A second species, Paralicella fusiformis (Birstein and Vinogradov, 1955), was described based on an ovigerous female of 17 mm length collected in a catch from 0 to 5500 m from the Kuril-Kamchatka Trench in the Pacific Ocean (Birstein and Vinogradov, 1955). The species was originally placed in the genus Eurythenes. A third species, Paralicella microps (Birstein and Vinogradov, 1958), was added, again in the genus Eurythenes (Birstein and Vinogradov, 1958). In 1960, a fourth species Paralicella similis Birstein and Vinogradov, 1960, was described, and the authors, recognizing Chevreux’s earlier work, transferred their species to the genus Paralicella, and incorrectly synonymized the species P. fusiformis with P. tenuipes (Birstein and Vinogradov, 1960). The authors noted the lack of eyes in their specimens of P. fusiformis and the presence of them in Chevreux’s P. tenuipes (but see note page 12 regarding presence/absence of eyes in preserved material). The authors also indicated the similarity between the beveled basis of the pereopod 7 of their species P. microps, and that of P. tenuipes.

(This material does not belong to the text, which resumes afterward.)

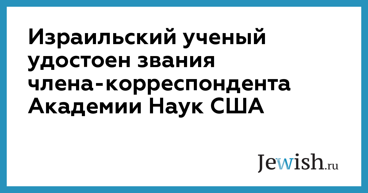 Израильский ученый удостоен звания члена-корреспондента Академии Наук США

In 1976, Shulenberger and Barnard described the new species Paralicella caperesca, from a collection of 220 specimens taken in a trap set north of Oahu, Hawaii, at 5720 m. Barnard and Shulenberger (1976) discussed the genus Paralicella, designating a lectotype specimen for the species Paralicella tenuipes, after noting that Chevreux’s original material contained specimens of both P. tenuipes and P. caperesca. They also provide a key to the genus and discuss the validity of two of Birstein and Vinogradov’s species (P. fusiformis and P. microps) indicating the possibility that these species are conspecific with P. caperesca and P. tenuipes respectively. Barnard and Ingram (1990) added the last species, Paralicella vaporalis, from the Pacific Ocean at the Hess Guyot and Jasper Seamount from 706 to 1040 m, and provided an updated key to the genus.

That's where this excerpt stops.